Do Mais Goiás

Aparecida tem menos de 1 m² de área verde por habitante

Além de estar abaixo do recomendado pela OMS, esses espaços estão ameaçados pela degradação

Parque Tamanduá, área verde em Aparecida (Foto: Jucimar de Sousa/MaisGoiás)
Parque Tamanduá, área verde em Aparecida (Foto: Jucimar de Sousa/MaisGoiás)

Aparecida possui 12 vezes menos área verde por habitante do que o recomendado pela Organização Mundial de Saúde (OMS). Excetuando as praças públicas, existem apenas 980 centímetros quadrados de áreas verdes para cada Aparecidense. Além de estar abaixo do recomendado, especialistas ouvidos pelo Mais Goiás consentem que essas áreas estão ameaçadas pela degradação ambiental, apontada como raiz dos problemas de desabastecimento de água e mudanças climáticas.

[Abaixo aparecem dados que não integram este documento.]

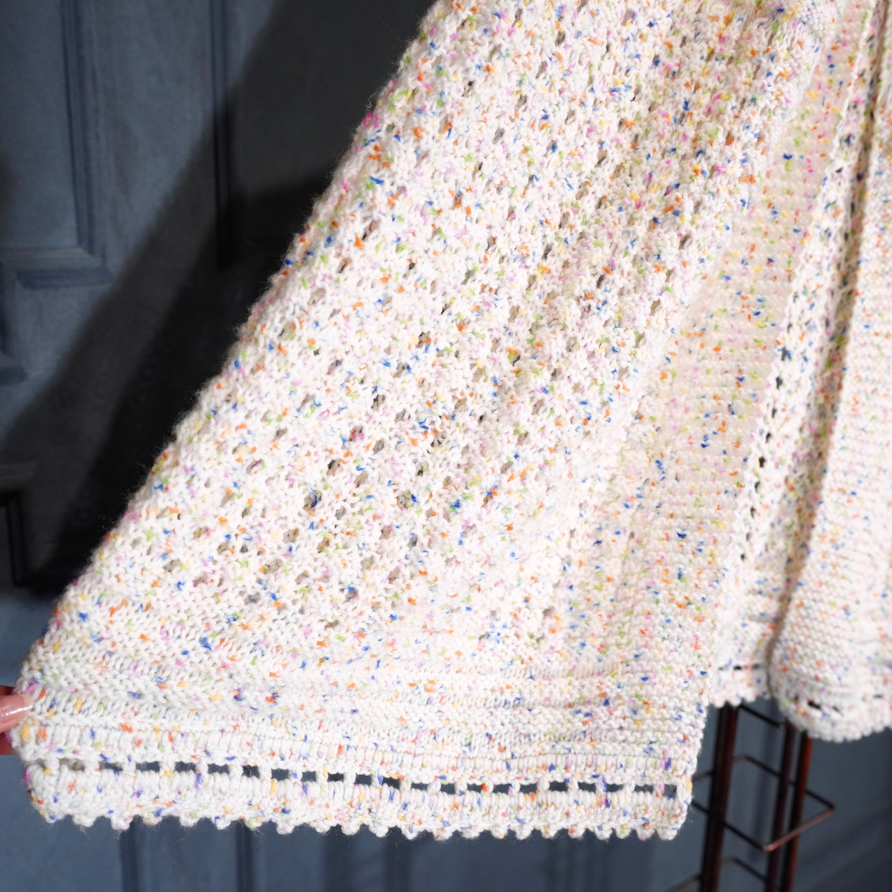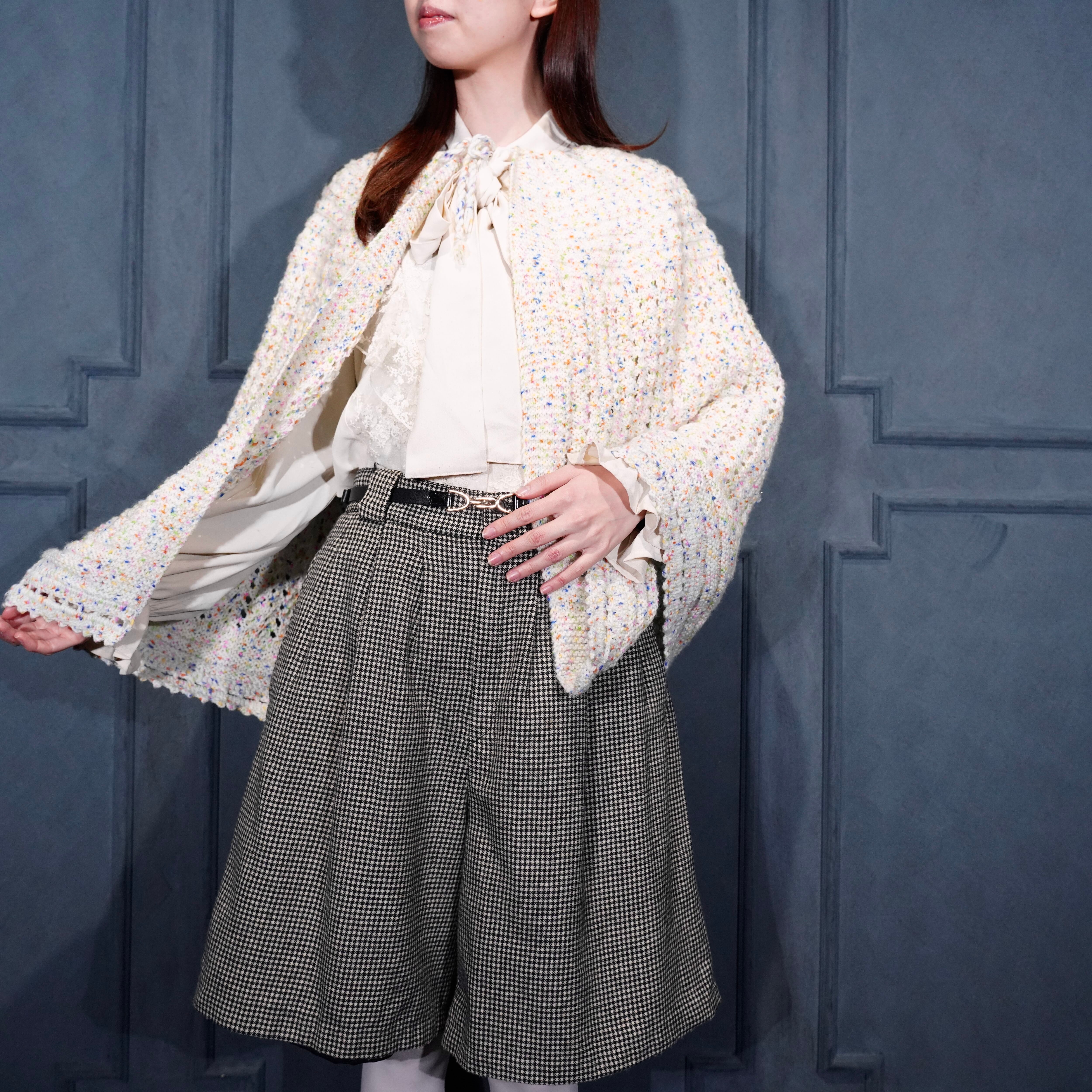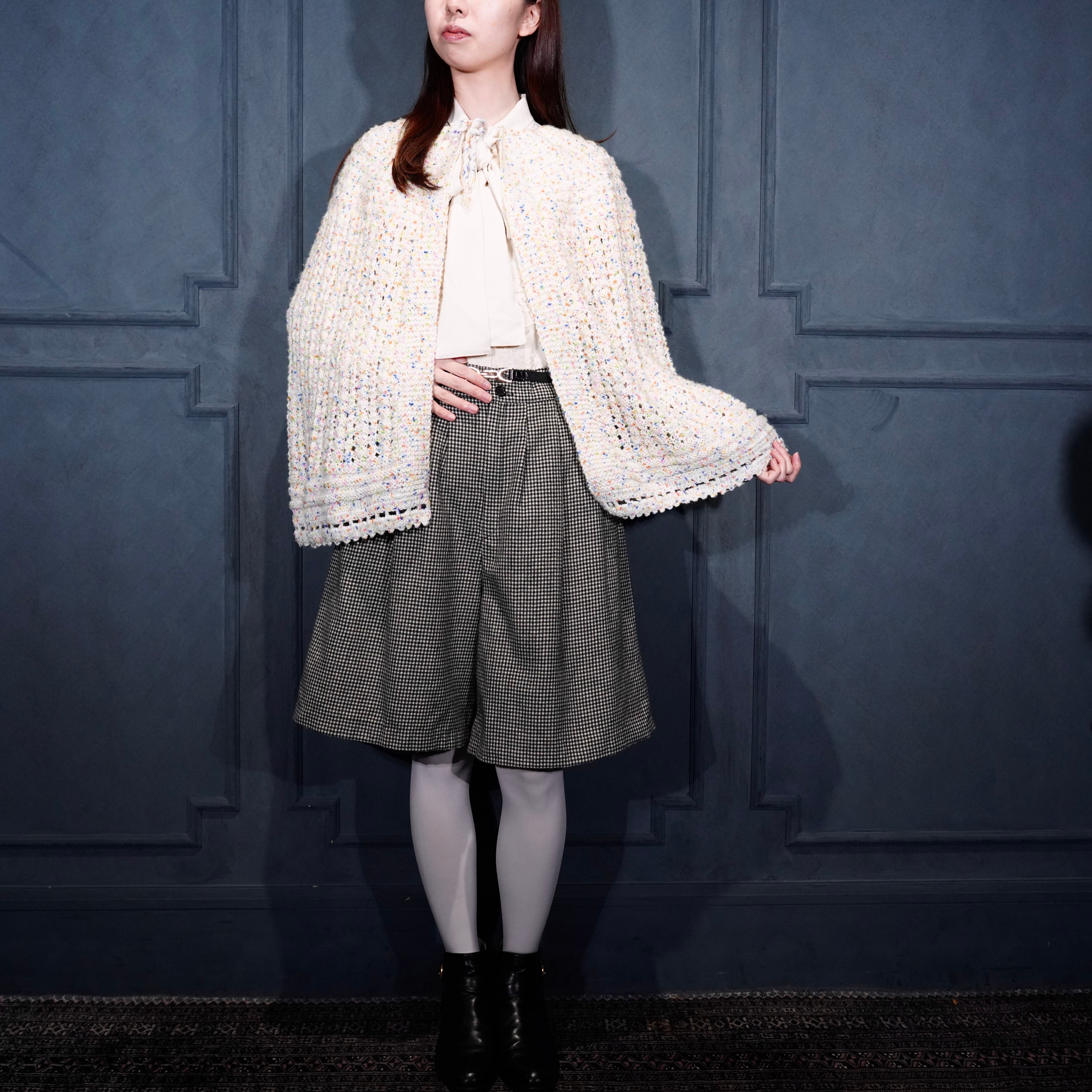 USA VINTAGE NEP CROCHET DESIGN KNIT CAPE/アメリカ古着ネップクロシェットデザインニットケープ(ポンチョ)
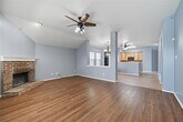 CLEAN 1 story 4br 2bath split floor planned home with fresh paint; kitchen with black appliances open up to breakfast nook and living area; master has large walk in closet; double sinks and separate shower with garden tub; decorative lighting and ceiling fans throughout; nice sized back yard with covered patio for those summer barbecues. Roof and downspouts replaced November 2020; fresh paint inside and out.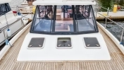 Laminat kolor biały, teak na półpokładach, kokpit pokryty naturalnym teak, trap rufowy naturalny teak, relingi ze stali nierdzewnej, otwierana bakista kotwiczna, otwierana komora techniczna silnika, pomost kąpielowy pokryty naturalnym teak, powierzchnie przeciwślizgowe w żelkocie,dach nad messą z relingami ze stali nierdzewnej z platformą do odpoczynku, trzy luki otwierane na pokładzie, kosz dziobowy ze stali, butla gazowa 11 KG, oświetlenie nawigacyjne, kotwica, szperacz na dachu, dodatkowe oświetlenie LED TRAPU, stolik w kokpicie, kanapa tylna w kokpicie, oświetlenie LED w kokpicie zamontowane na zewnątrz, winda kotwiczna +kotwica, stanowisko sternika z fotelem obrotowym, Lowrance 5Elit ploter, echosonda, sygnał dzwiękowy.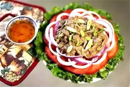 酸橙长得有点像黄柠檬,但味道带一点点苦,刚好中和了寡酸味,和鱼露、蒜头、罗勒、青酱、新鲜辣椒、绿豆渣混合以后,淋到烤熟的牛肉上拌匀,就是高棉特色的沙拉。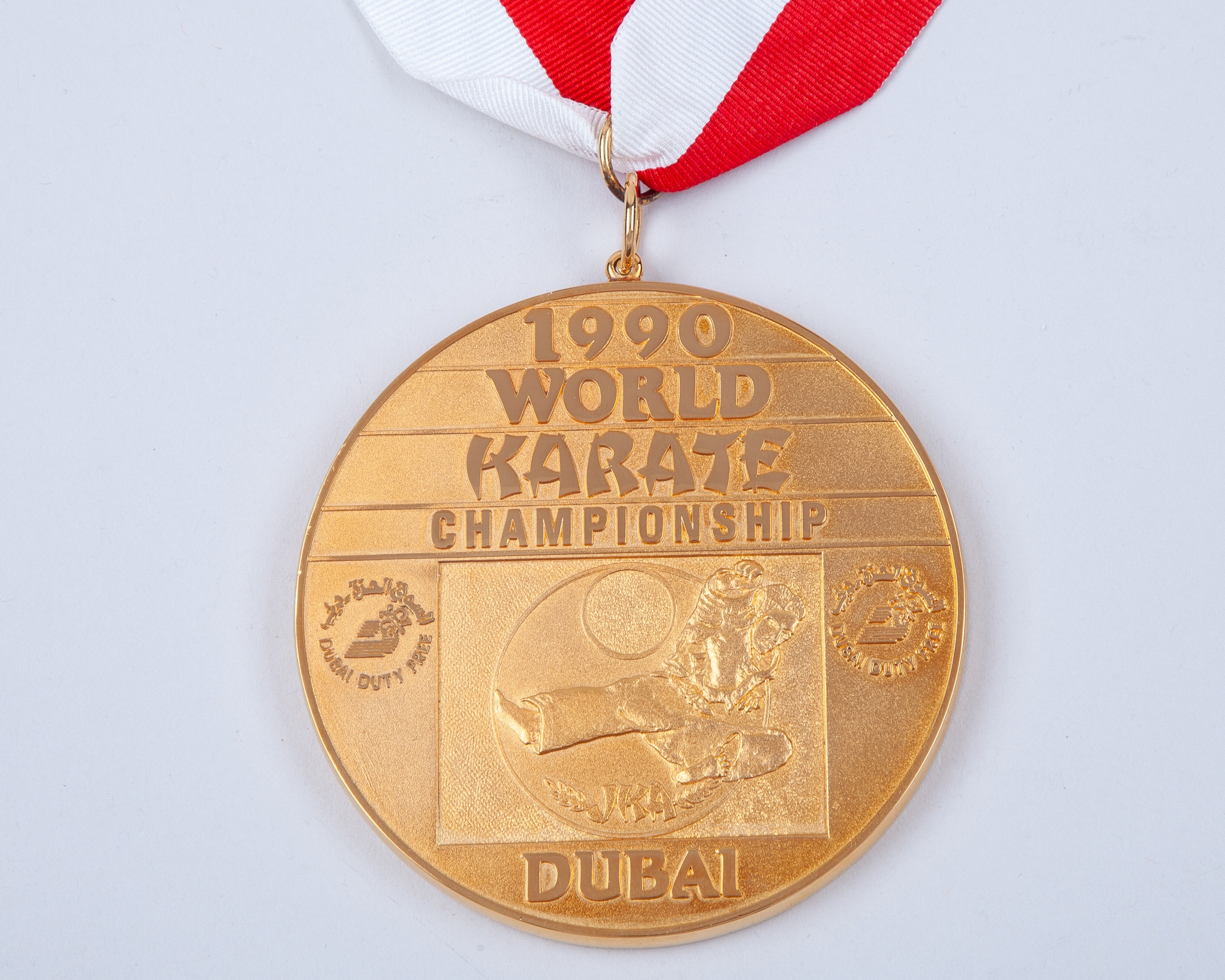 Large yellow-metal 1990 World Karate Championship medal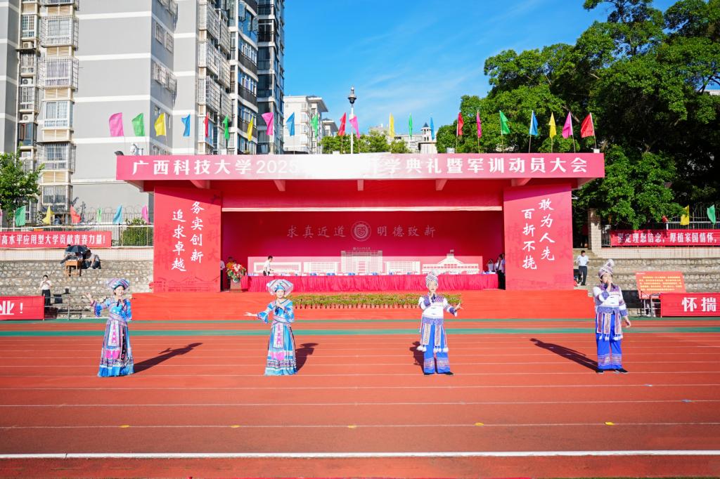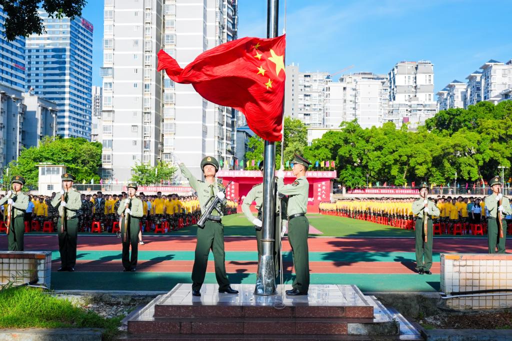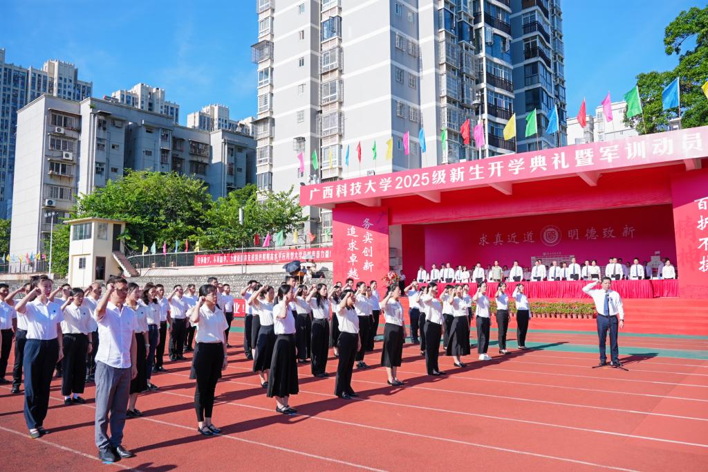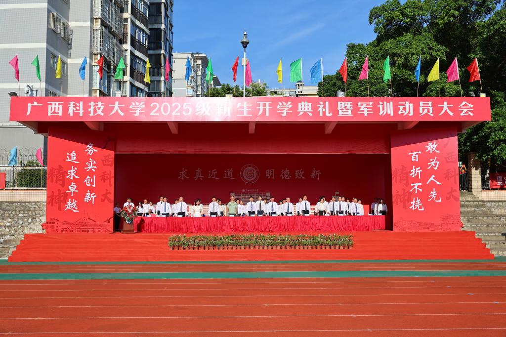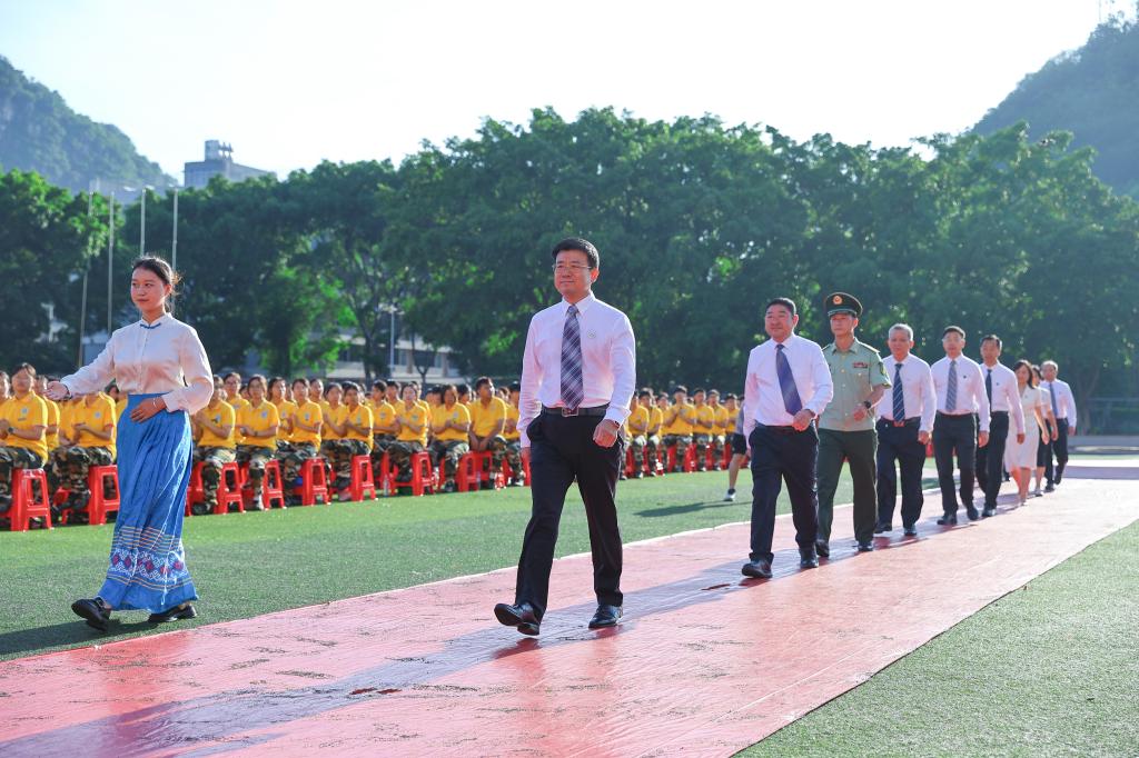 鲲鹏展翅九万里,学子逐梦启新程。8月25日上午,学校2025级新生开学典礼暨军训动员大会在文昌校区田径场隆重举行。学校党委常委赵君、刘宝臣、张发钦、宾月景、符志光、邓朗妮、张海英、蔡亮、李健、麦林、卢志平、戚杰强,武警柳州支队上校参谋长兰壮宽出席活动。学校党委常委、副校长李健主持活动。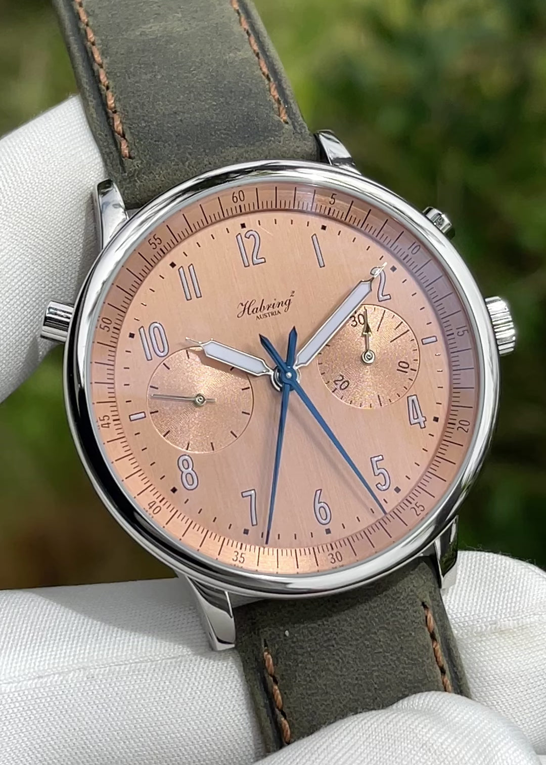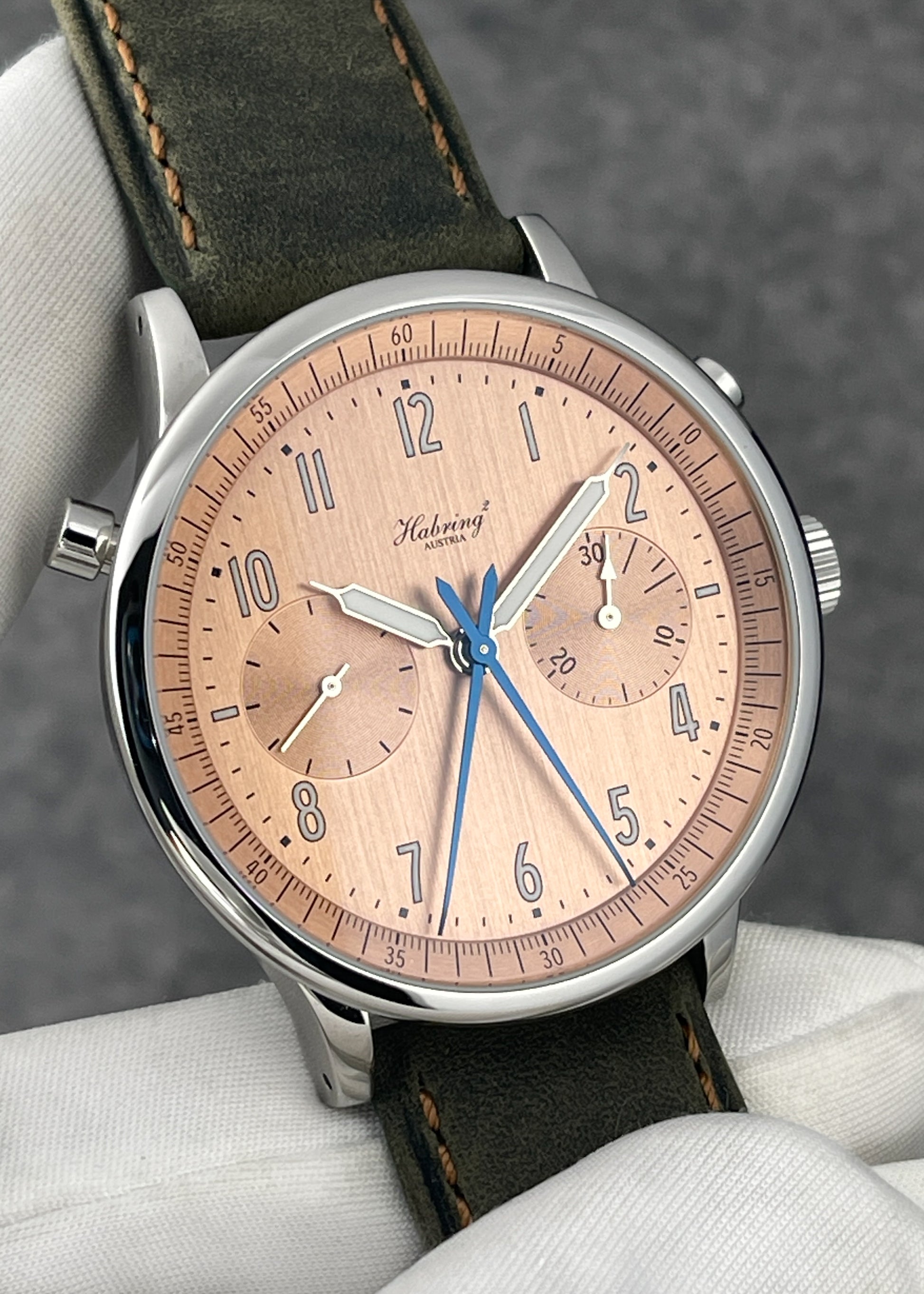 Just arrived is this mint Doppel 38 with Habring2's famous salmon dial. We sold this watch to the original owner June 10th of this year and according to him it was "only worn twice"... and judging on the condition I can definitely take him for his word!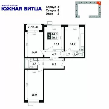 | 7 | Сентябрь 2024 | 3 | 14 | 4 | 4 | 3 | 78.4 | 19 404 000 | без отделки | ![]() | 4 | ||

O Índice de Área Verde por Habitante (IVH) de uma cidade é calculado dividindo o total de metros quadrados de áreas verdes públicas de um município pela quantidade de habitantes do local. Em Aparecida, o IVA é igual a 0,98 metros quadrados por habitante. Para realização do cálculo, O Mais Goiás solicitou a Secretaria Municipal do Meio Ambiente (Semma) o total de metros quadrados de áreas verdes públicas do município.

A pasta informou que o somatório das áreas totais da Serra da Areia, do Parque Lafaiete, do Parque da Criança, do Horto Florestal e do Parque Tamanduá. seria igual a 580.541,46 metros quadrados. A Prefeitura de Aparecida ainda comunicou que a Semma e a Regulação Urbana está preparando estudo e mapeamento de áreas verdes na cidade.

Ilhas Verdes

O geógrafo e professor da Universidade Estadual de Goiás, Bernardo Cristóvão Colombo afirma que apesar de isolados uns dos outros, as “ilhas verdes” da cidade são áreas que contribuem com a manutenção do clima de todo município. Além disso a vegetação desses locais protegem córregos essenciais para o abastecimento de toda Região Metropolitana de Goiânia.

“Precisamos frear a degradação e tentar recuperar e proteger o que ainda restou destas áreas. Aparecida é um polo atrativo para o capital, mas não podemos nos esquecer do papel que essas áreas representam para nossa sobrevivência”, afirmou o geógrafo. Bernardo ainda diz que as unidades de conservação do município estão ameaçadas pela ação antrópica e adensamento urbano. “A Serra da Areia, uma das maiores áreas verdes do município deve ter aproximadamente 30% da vegetação degradada. Nas unidades menores o estrago é maior ainda”, declarou.

Crise Hídrica

A gestora ambiental Patrícia Sahium, também afirma que as unidades de conservação e proteção ambiental do município são fundamentais para preservação de recursos hídricos e manutenção do clima. “Se começarmos a invadir beiras de córregos para desmatar, a água vai diminuir cada vez mais. Se esses locais não tiverem proteção de mata ciliar, os córregos podem até desaparecer e são eles que avolumam os rios que abastecem as cidades”, defende.

Tanto Patrícia Sahium, quanto o professor Bernardo Cristóvão Colombo concordam que a única saída para a proteção, recuperação e manutenção das áreas verdes é a união entre o Poder Público e a Sociedade Civil. No entanto, o professor Bernardo destaca que a educação ambiental tem papel fundamental para que a própria população entenda que depende do meio-ambiente para sobreviver e lute pela preservação do mesmo.

“As autoridades devem promover educação ambiental e, inclusive, pagar as pessoas para serem fiscais e agentes ambientais do município. Se não houver trabalho de conscientização, as pessoas nunca vão entender a importância do meio-ambiente e a degradação vai avançar cada vez mais”, conclui o geógrafo.

Contrapartida

A prefeitura de Aparecida teve um empréstimo arpovado no valor de U$ 12O milhões com o Novo Banco de Desenvolvimento (NBD). De acordo com o secretário da Fazenda do município, André Luís Rosa, parte dos recursos será usado para implantação de cinco parques no município. Todos são hoje áreas degradadas e que necessitam de intervenções. Um deles é o Parque Tamanduá que conta com alguns aparelhos públicos, mas se encontra precarizado. “Isso não quer dizer que teremos aumento na cobertura vegetal da cidade, já que são áreas já existentes. Teremos intervenção no sentido de melhorias de aparelhos públicos”, diz.